# Sound trigger modules



## SinCron (Dec 20, 2010)

I'm wondering if there is a module I can use in my audio setup that can trigger a nice big whump whenever a certain sound is heard. Whenever someone gets hit by a shell or any other debilitating object in Mario Kart Wii, I want them to feel it as well. Can this be done or am I crazy?


----------



## recruit (May 9, 2009)

You can go for a  Tactile Transducer  which can emulate the thumps and shake your sofa for example, I have also moved the thread to a more apporiate forum area.


----------



## SinCron (Dec 20, 2010)

I don't think that this forum is more appropriate. There is no initial bass sound that is emitted when one gets hit. I just want something that is triggered by a certain sound in the mid range. THEN it would create a 25hz WHUMP.


----------



## recruit (May 9, 2009)

OK, I have moved it back to where it was originally posted.


----------



## Sir Terrence (Jun 8, 2006)

SinCron said:


> I don't think that this forum is more appropriate. There is no initial bass sound that is emitted when one gets hit. I just want something that is triggered by a certain sound in the mid range. THEN it would create a 25hz WHUMP.
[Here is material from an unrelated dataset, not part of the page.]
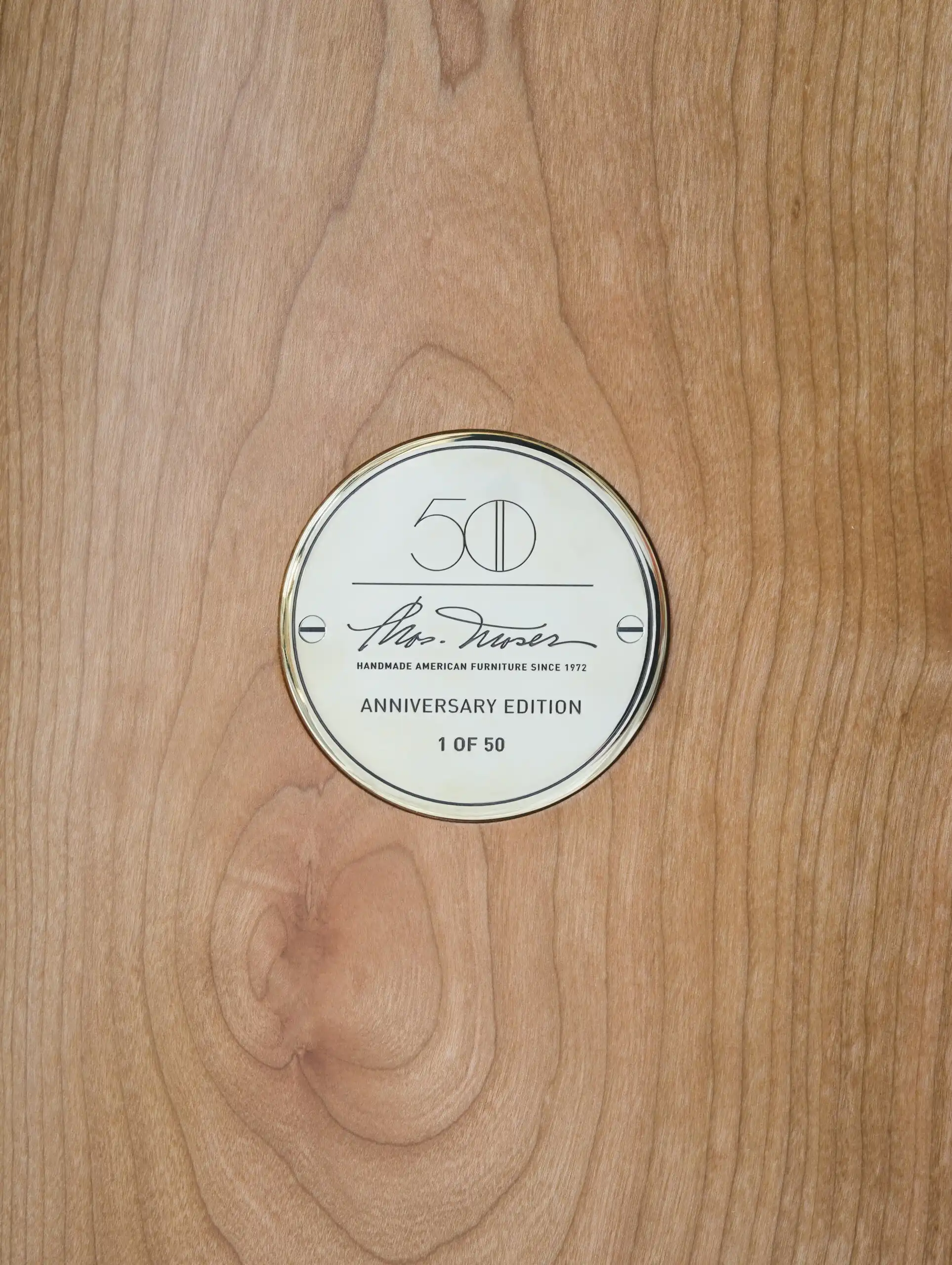 The 1972 Chair is being sold in a limited edition run with a commemorative medallion in honor of the 50th anniversary. In addition to the maker’s signature, the first 50 chairs will have an engraved brass medallion inlayed on the bottom of the seat, numbered in the order sold. Once the collector’s edition sells out, Thos. Moser will continue to produce the chair without the numbering and medallion.
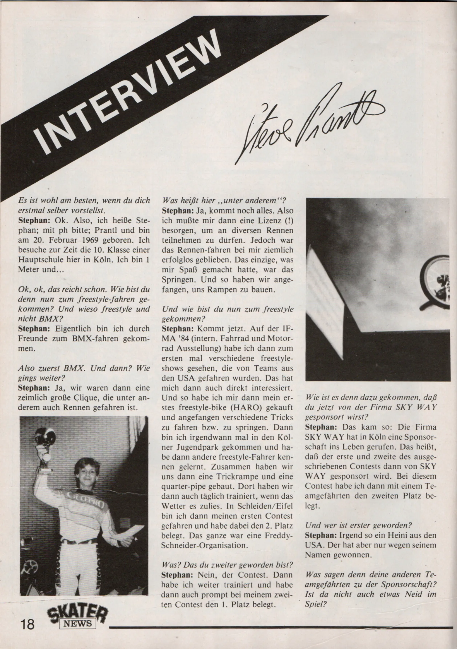 Aber auch seine persönliche Karriere kann sich sehen lassen. Von Anfang an dominierte er die Rampenwettbewerbe im Jugendpark, trat bei Shows mit dem PTR-Trickteam auf und reiste 1987 zur ersten Freestyle-Weltmeisterschaft nach England, wo er mit seinen Liptricks und seinem außergewöhnlichen Style den zweiten Platz belegte.

I know of no such device that does this. It would be so unnatural sounding and feeling, I don't think anyone would know how to market it.


----------



## SinCron (Dec 20, 2010)

I feel so stupid for not thinking of this sooner but I can just use the vibration module because if you ever get hit, the controller vibrates. Once the signal is sent that causes the vibration, it triggers a sound module that replays an explosion or something. I can't really think this out. Not much sleep lately.


----------